言葉にして、自分で口にしてみてこそ

2009/06/18

中学校で一日過ごした。
教師ではない私が、たまに学校に行き、授業をする。
「いのちの授業」といわれるものだ。

学年ごとに行ったので、3回した。
学年ごとに、なかみを変えようかとも考えたが、
同じことを話し、同じ質問(記述式)をして、
違いが見られるか、どうか、調べてみたいので、
同じ話を3回することにした。

その前に、学校に行って、くたびれるのは、
チャイムが鳴っても、なかなか始められないこと。
私は、もち時間を、ぎりぎり、大事にしたい。
子どもたちは、次々授業があるので、延びるわけにはいかないし、
私としては、早口ではしょってしまうのもイヤなので、
できれば時間通りに始めたい。

先生は、静かにさせて、きちんと始めたい(と思ってくださる)。
起立!整列!着席!やりなお〜し。

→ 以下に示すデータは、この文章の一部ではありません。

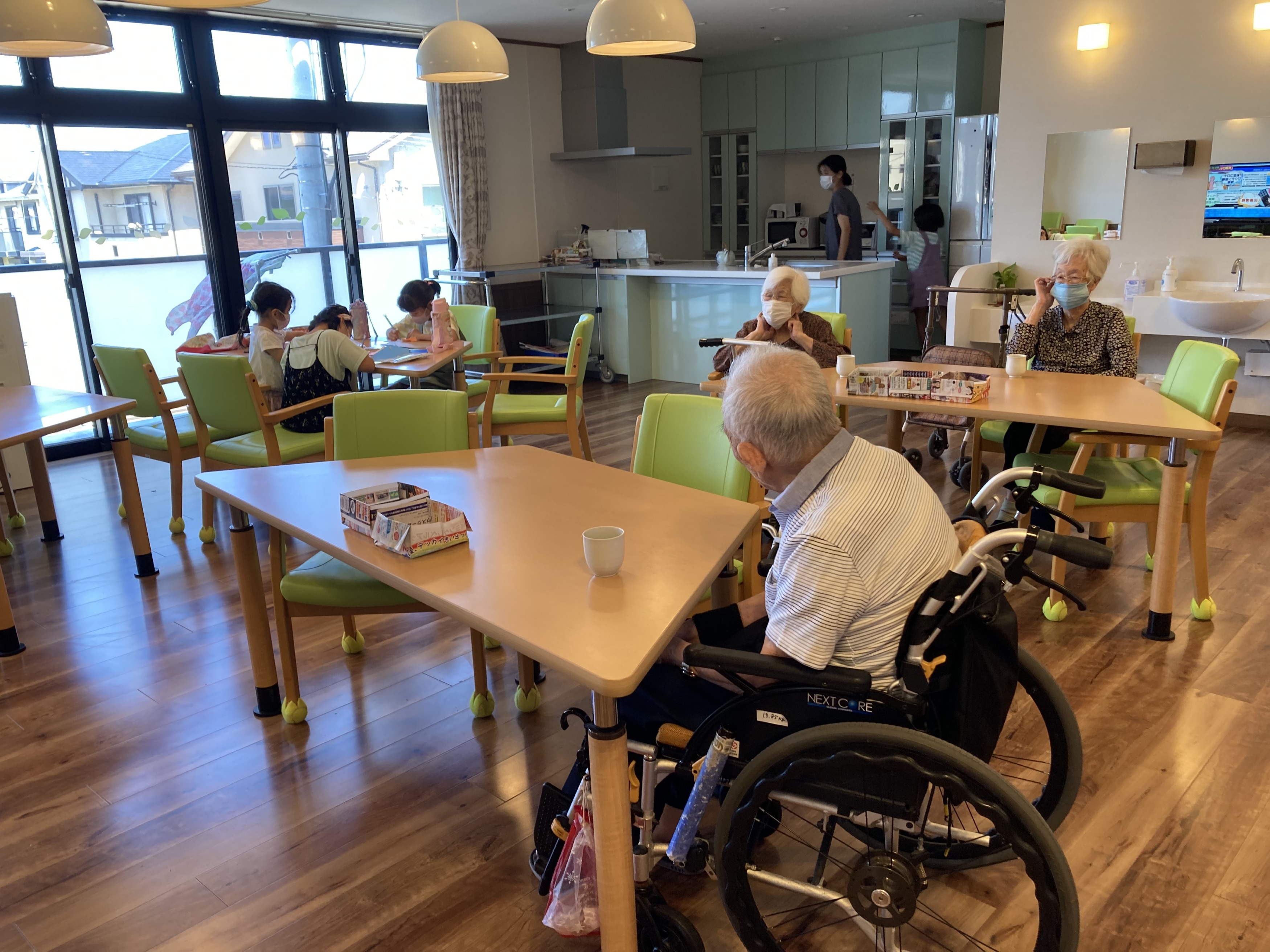 入居者様もニコニコ。お昼ご飯前のほのぼのとした時間でした
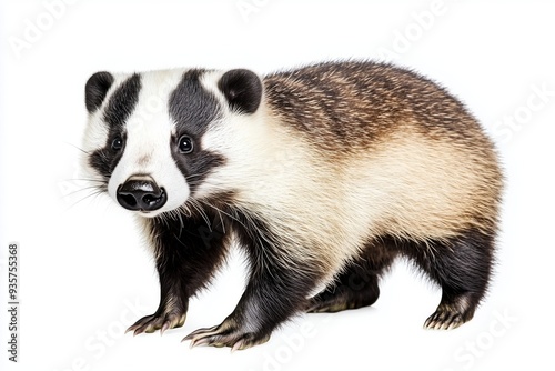 animal, badger, wildlife, fur, mammal, nature, creature, paw, white, black, brown, snout, eye, ear, body, personal, furry, ground, nose, claw, guarded, focused, forest, playful, elegant, detailed, curious, alert, standing, soft, texture, natural, front, side, head, thick, land, small, round, back, young, black-and-white, wild animal
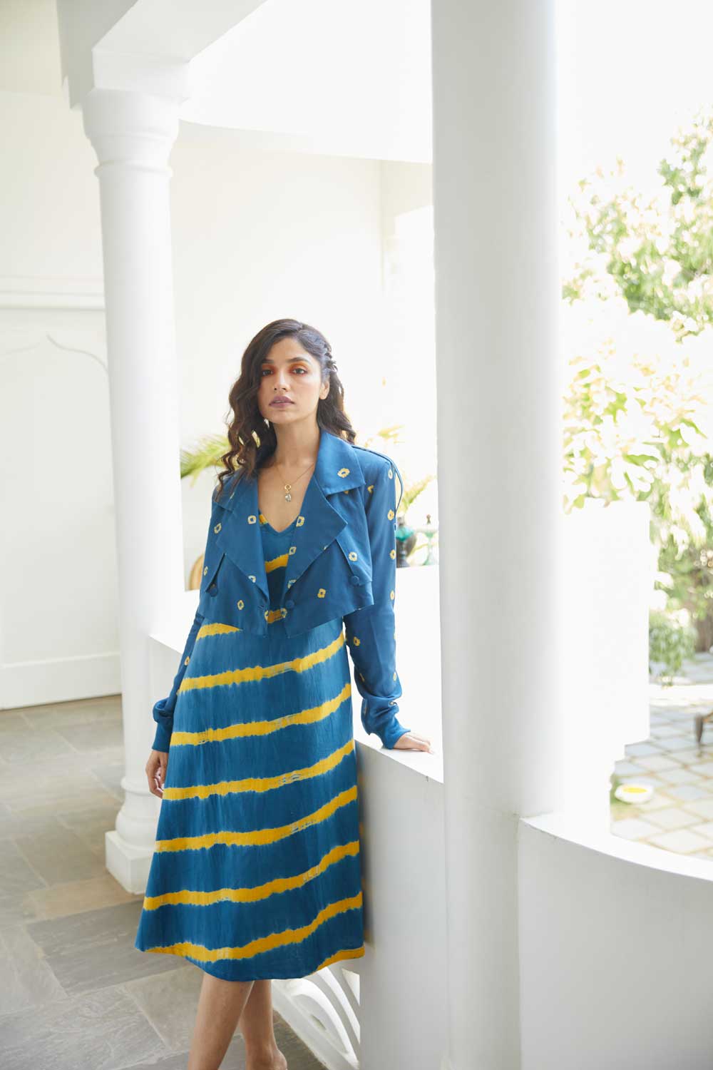 Leheriya is the wavy pattern created by tying and dyeing of fabric. The material is usually rolled diagonally or folded and then resisted by thread in the desired pattern before dyeing.

起立!整列!着席!やりなお〜し。
が、10分近く・・・
整列しても、しなくても、
聴く子は聴くし、聴かん子は聴かんし、寝る子は寝るやろし。
とにかく、始めたい私・・・。

やっっと、「ではどうぞ」と言ってもらった。
それで、1回目は、考えていったとおりに話した。
内容は、あゆみのことと、私のことを話したあと、
小児病棟で過ごす子どもの様子がわかるビデオを見てもらった。

病棟には、良くなっていく子がいて、悪くなっていく子がいる。
残された子が、亡くなった子に「会いたい」と言って泣く。
主治医は、「S君とは、もう話しすることはできないけれど、
S君は君のことを、ちゃんと記憶して行ったんだ」と話す。

いのちの意味や、生き方を、「言い含める」教育に違和感を感じ
何とか、私が言葉で教えるのではなく、肌で感じ取ってくれるように
ビデオの内容には、ほとんど言及しないよう心掛けたつもりだった。
1回目の授業は、準備していったとおり、そうした。

ところが、2回目。
同じ内容だから、手元の紙を見ずに、進めていった。
そしたら、さっき言わなかったことが、不意に口から出た。
「私は、あゆみも、私のことを、ちゃんと記憶して、行った
と思うと、うれしかった」と、言ってしまった。
そしたら、涙が出てきてしまった。

3回目の授業では、意図的にもう一度、言ってみた。
やっぱり、涙が出そうになったが、
でも初めて言ったようには、出なかった。

10年以上経って、「初めて」と出会うとき、うれしい。
つらいことだって、うれしい。

いつしか、みんなが、じっと静かに聴いてくれていたから、
それもうれしかった。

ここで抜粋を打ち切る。